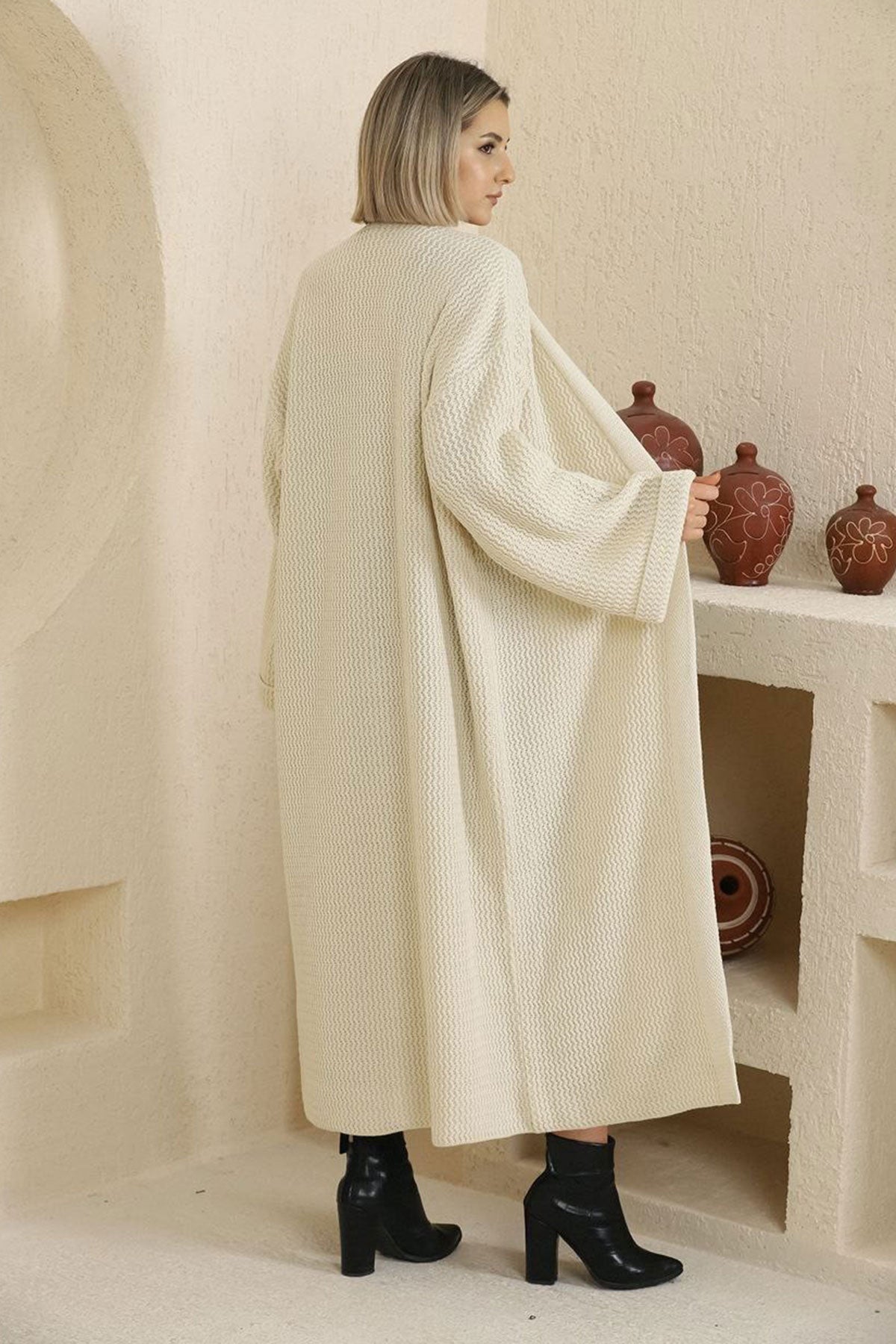 Ekru Double Sleeve Long Hijab Cardigan BCES-253000 - Leith
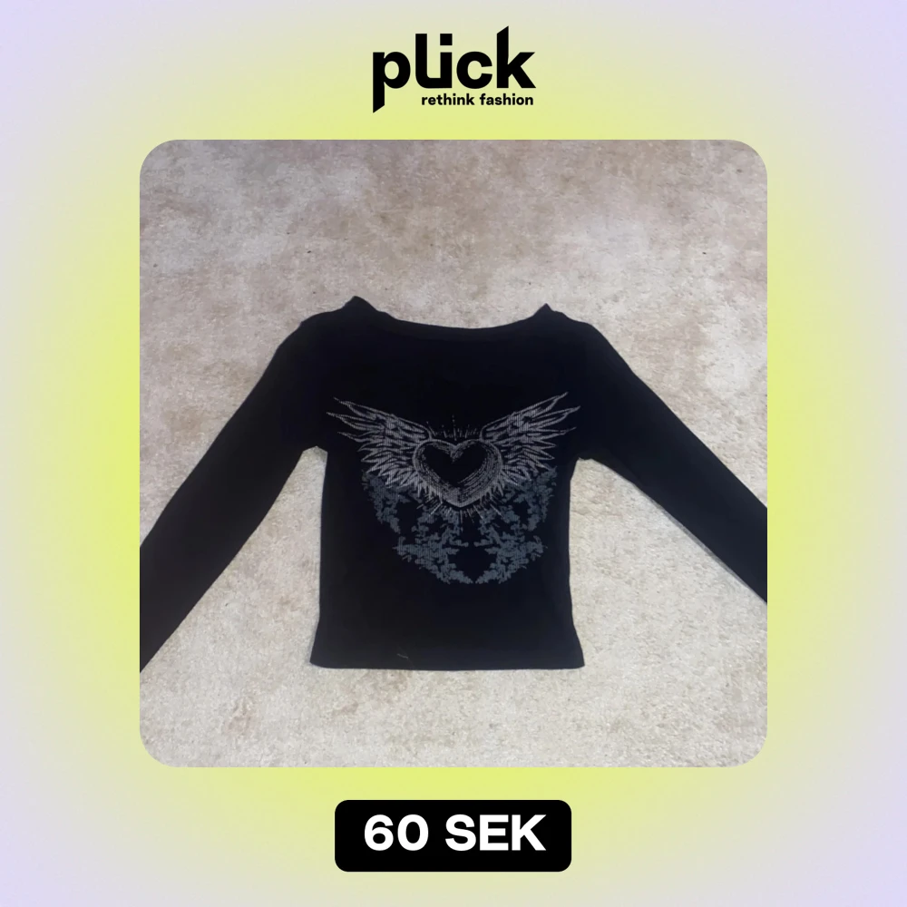 Snygg svart långärmad topp med ett coolt hjärtmönster och vingar på framsidan. Perfekt för en edgy look. Toppen har en tight passform och är croppad för en modern stil.
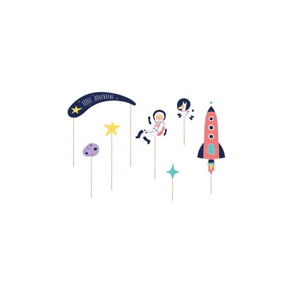 Ozdoby na dort Space nebo taky vesmírné. Raketa, planetky nebo například astronaut budou zdobit narozeninový dort oslavence.
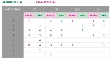 Tanto en el grupo argentino como brasileño, hay niños que presentan una trayectoria homogéneacontestando un mismo tipo de respuestas para los diferentes estímulos presentados. 4
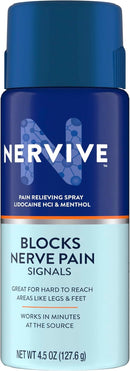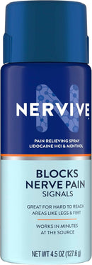 "NERVIVE PAIN RELIEVING SPRAY comes from the MAKERS OF THE WORLD'S #1 NERVE CARE BRAND†, developed with over 50+ years of global expertise in nerve care. NERVIVE PAIN RELIEVING SPRAY blocks nerve pain signals by targeting nerve pain receptors to RELIEVE PAIN WITHIN MINUTES so you can continue living your life the way you want to. Enjoy a non-greasy, soothing relief experience. NERVIVE PAIN RELIEVING SPRAY starts WORKING IN MINUTES to BLOCK NERVE PAIN SIGNALS thanks to maximum strength levels of Lidocaine HCL and Menthol. Feel FAST-ACTING RELIEF and continue doing the things you love and spending time with loved ones. FEEL THE DIFFERENCE with NERVIVE PAIN RELIEVING SPRAY Also available: NERVIVE PAIN RELIEVING LARGE ROLL ON with a no-mess roll-on applicator and NERVIVE PAIN RELIEVING LARGE CREAM for a non-greasy, soothing relief experience. Try NERVIVE NERVE RELIEF, containing ALA, which reduces occasional nerve discomfort in as little as 7 days ‖*. Also available in PM to support your sleep experience."
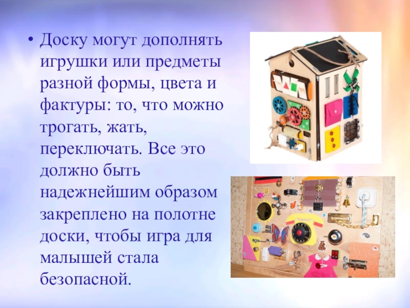 выключателями, щеколдами, крючками и прочими маленькими «опасностями», которые ребенку трогать обычно запрещено.
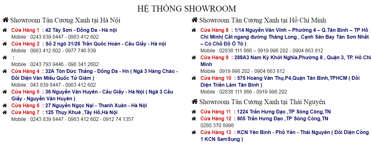 Danh Sách Các Showroom Tân Cương Xanh Tại Thái Nguyên – Hà Nội – TP Hồ Chí Minh
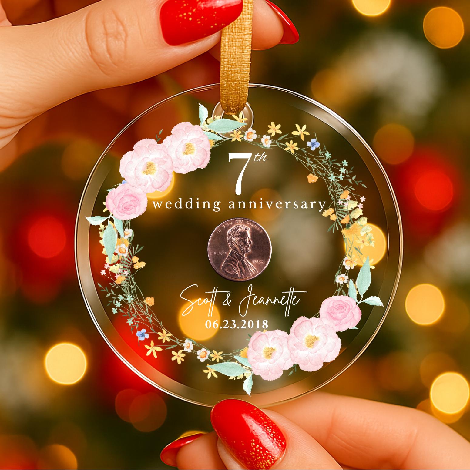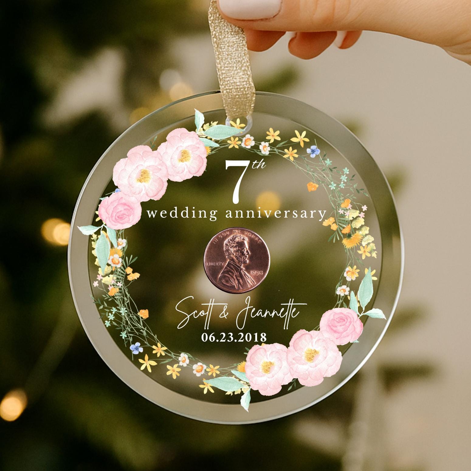 Personalized 7th Wedding Anniversary Ornament, 7th Anniversary Gifts, Seven Years Wedding Gift, Copper Anniversary Gift For Husband Wife, W
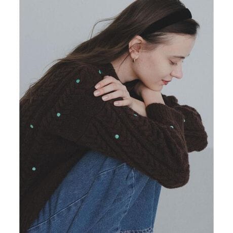 立体感のあるケーブル編みに、丁寧に施された刺繍デザインが華やかさを添えます。
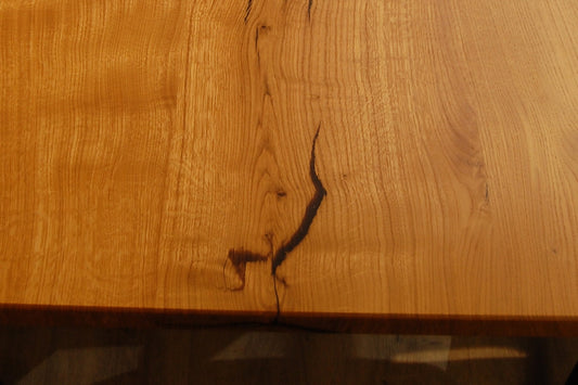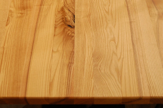 Tischplatte Esche Olivekern mit Baumkante und Gratleiste, gehobelt, geschliffen und endbehandelt
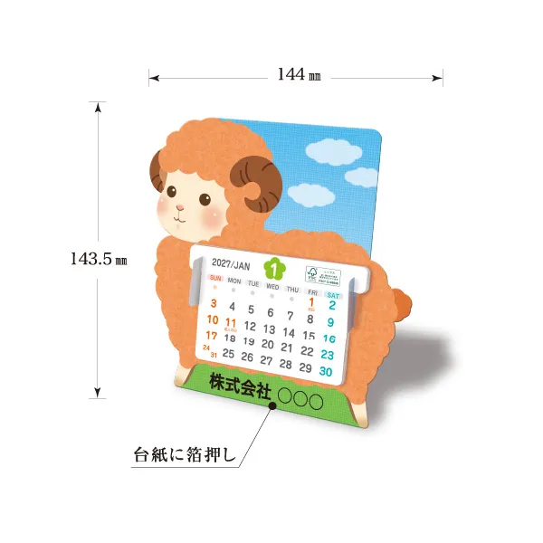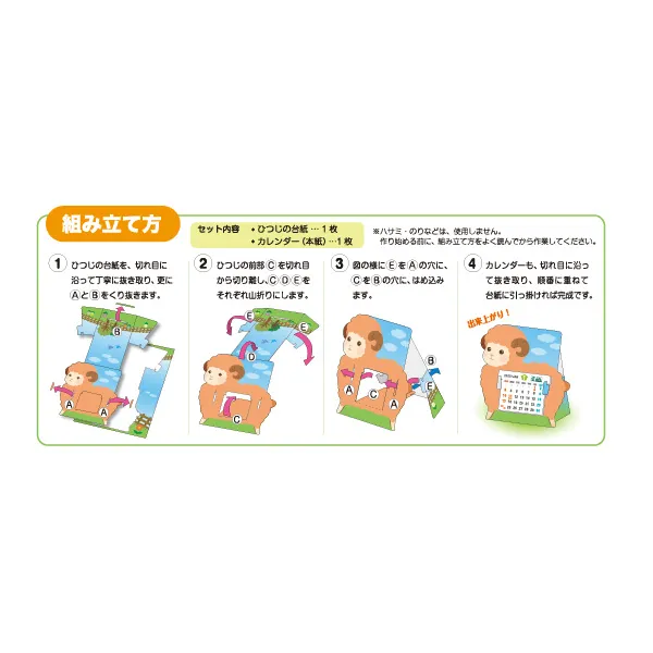 自分で組み立てできるかわいい干支の形のペーパークラフトカレンダーです。切り取るだけで誰でも簡単に組み立てることができます。すべて紙使用の環境にやさしいカレンダーです。FSC森林認証紙を使用した森林の環境保全に配慮したカレンダーです。
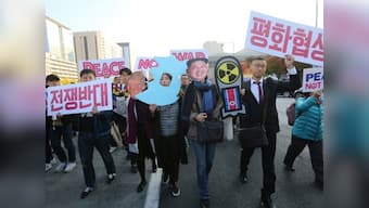 Seoul: Hundreds of South Koreans protested on Sunday against an upcoming visit by Donald Trump and called for peace as the US President begins an Asian tour dominated by North Korea’s nuclear programme. Trump, who arrived in Tokyo, is set to visit the South from Tuesday to Wednesday as part of his first Asian trip as head of state that also includes Vietnam, China and the Philippines. He is scheduled to hold a summit with President Moon Jae-In and visit a US military base, with all eyes on his message to the North and its leader Kim Jong-Un. Tensions flared after Pyongyang staged a sixth atomic test in September and test-launched multiple missiles capable of reaching the US mainland, while Trump and Kim have traded colourful personal attacks. [caption id=“attachment_4194205” align=“alignleft” width=“380”]
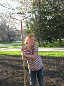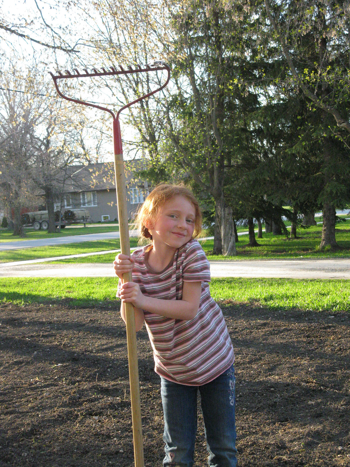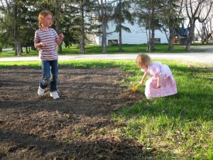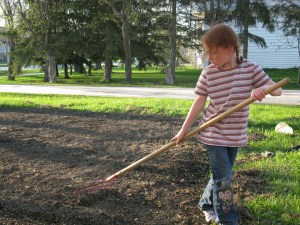 Yesterday my hubby tilled it and raked it. Of course he had his helpers with him.
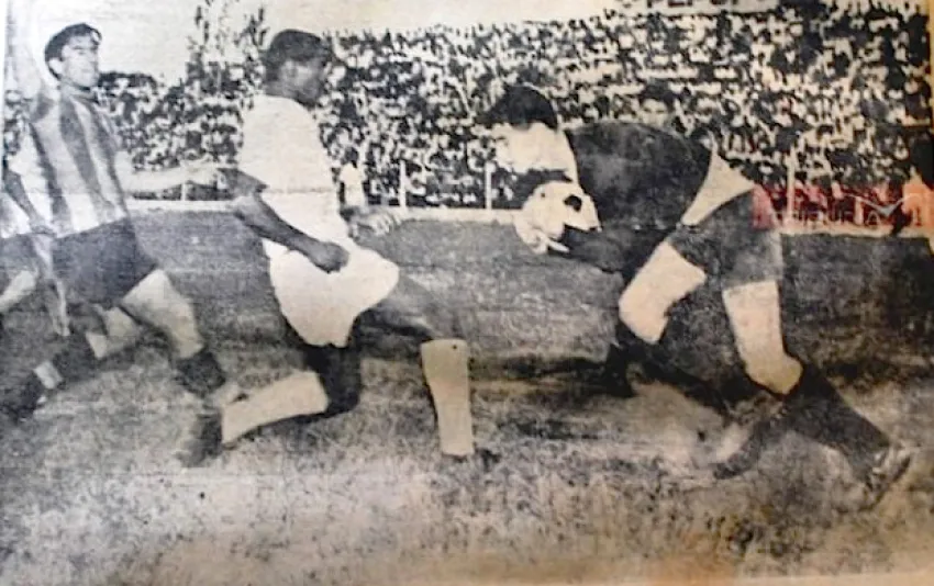Con el arbitraje de Beni Guazzardi, los presentes quedaron sorprendidos cuando el partido comenzó y el equipo local superaba ampliamente a los "favoritos". Podrá culparse a la falta de preparación o, si se quiere, falta de motivación de los jugadores del Santos, pero el equipo aurirrojo había salido al campo de juego con la convicción de llevarse la victoria aquella tarde de verano chaqueño.
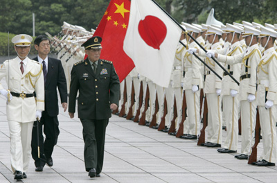 China's Defense Minister Cao Gangchuan (C), accompanied by newly appointed Japanese Defence Minister Masahiko Komura (2nd L),  reviews the honour guard at the Defence Ministry in Tokyo August 30, 2007. [Reuters]
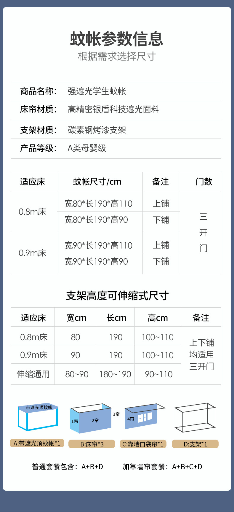 • 0.9m 침대 [이층침대용 범용 텔레스코픽 브라켓] 3도어 폭 90 길이 190 높이 조절 가능 90~110

• [Exercise aim]: Only the lines from the start of the records to the line with "Tanto en el" belong in the copy. Print them exactly, minus pictures.

• [Answer to the problem]:
 Ekru Double Sleeve Long Hijab Cardigan BCES-253000 - Leith
 Snygg svart långärmad topp med ett coolt hjärtmönster och vingar på framsidan. Perfekt för en edgy look. Toppen har en tight passform och är croppad för en modern stil.
 Ozdoby na dort Space nebo taky vesmírné. Raketa, planetky nebo například astronaut budou zdobit narozeninový dort oslavence.
 Tanto en el grupo argentino como brasileño, hay niños que presentan una trayectoria homogéneacontestando un mismo tipo de respuestas para los diferentes estímulos presentados. 4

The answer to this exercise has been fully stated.